** TASK TO COMPLETE **
The answer must consist only of the lines in the records below from the line with "赤ちゃんの足型をボタニカルア" to the line with "- Τοποθετούμε το", both included, copied word for word with every picture left out.

** EXTRACTED ENTRIES **
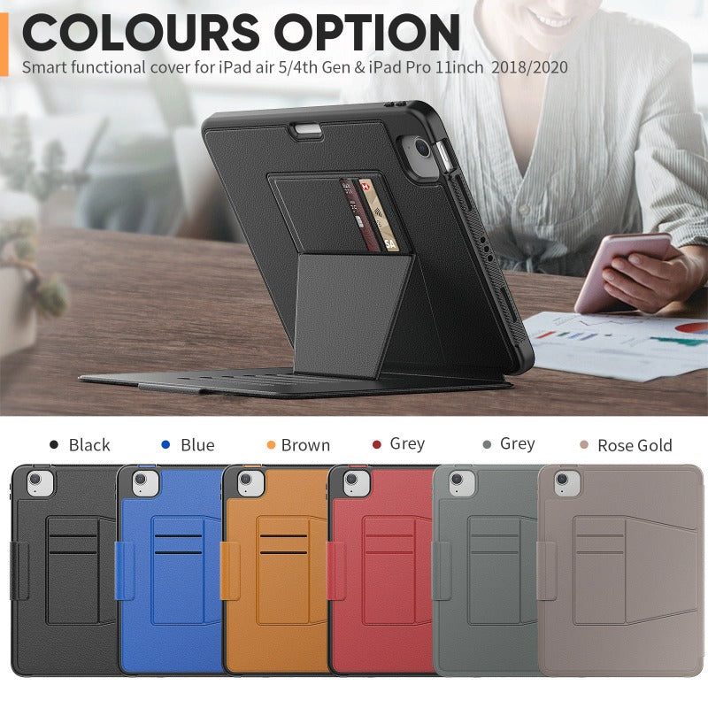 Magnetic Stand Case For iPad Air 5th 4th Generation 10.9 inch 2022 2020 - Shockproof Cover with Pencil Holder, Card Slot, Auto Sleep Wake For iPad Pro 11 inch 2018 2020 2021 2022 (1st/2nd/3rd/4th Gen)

==

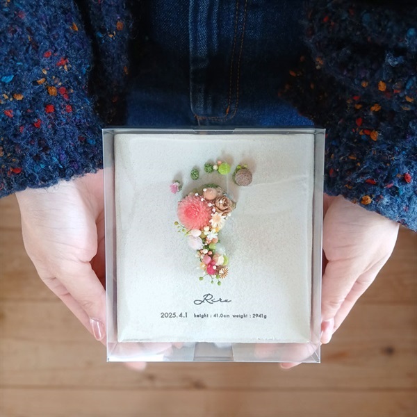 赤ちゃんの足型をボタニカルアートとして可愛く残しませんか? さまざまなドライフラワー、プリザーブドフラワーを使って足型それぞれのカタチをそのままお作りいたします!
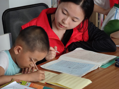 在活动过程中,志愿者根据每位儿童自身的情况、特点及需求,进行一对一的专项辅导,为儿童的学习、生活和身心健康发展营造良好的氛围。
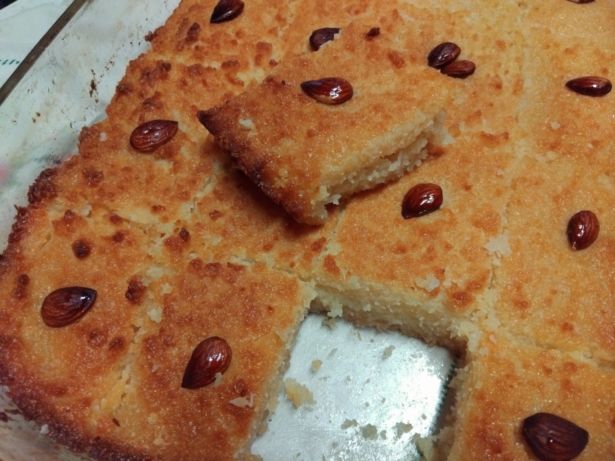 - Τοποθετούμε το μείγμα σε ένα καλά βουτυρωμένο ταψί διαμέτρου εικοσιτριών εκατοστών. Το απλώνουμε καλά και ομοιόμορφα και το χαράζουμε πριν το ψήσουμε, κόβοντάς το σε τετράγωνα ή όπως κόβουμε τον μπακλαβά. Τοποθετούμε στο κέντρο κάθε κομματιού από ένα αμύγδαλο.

...

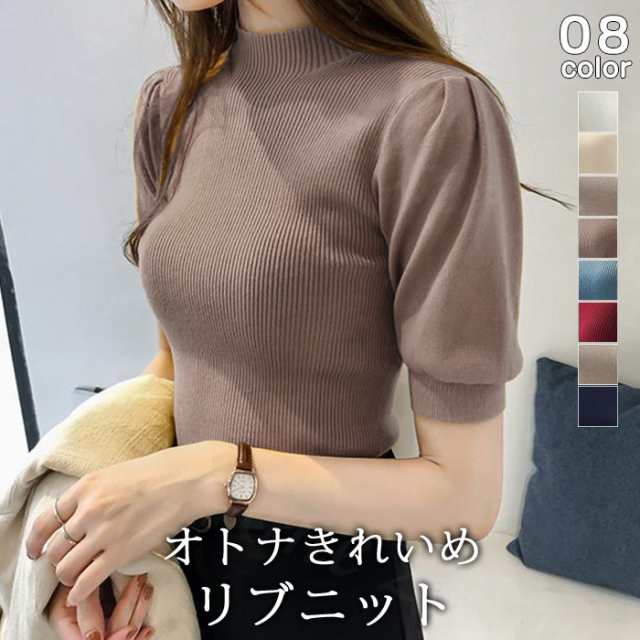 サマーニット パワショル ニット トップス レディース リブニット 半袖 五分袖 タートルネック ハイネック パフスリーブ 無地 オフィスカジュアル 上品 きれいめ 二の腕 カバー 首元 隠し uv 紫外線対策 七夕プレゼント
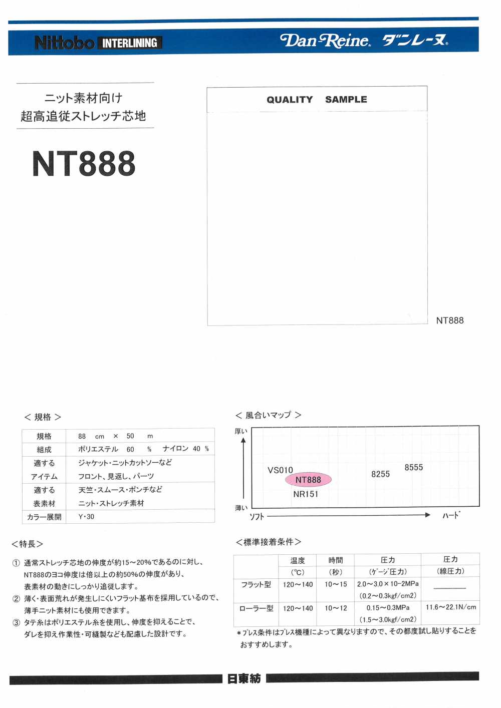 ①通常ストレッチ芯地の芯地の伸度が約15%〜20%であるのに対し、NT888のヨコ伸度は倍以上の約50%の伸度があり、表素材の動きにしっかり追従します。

** YOUR SOLUTION **
 赤ちゃんの足型をボタニカルアートとして可愛く残しませんか? さまざまなドライフラワー、プリザーブドフラワーを使って足型それぞれのカタチをそのままお作りいたします!
 在活动过程中,志愿者根据每位儿童自身的情况、特点及需求,进行一对一的专项辅导,为儿童的学习、生活和身心健康发展营造良好的氛围。
 - Τοποθετούμε το μείγμα σε ένα καλά βουτυρωμένο ταψί διαμέτρου εικοσιτριών εκατοστών. Το απλώνουμε καλά και ομοιόμορφα και το χαράζουμε πριν το ψήσουμε, κόβοντάς το σε τετράγωνα ή όπως κόβουμε τον μπακλαβά. Τοποθετούμε στο κέντρο κάθε κομματιού από ένα αμύγδαλο.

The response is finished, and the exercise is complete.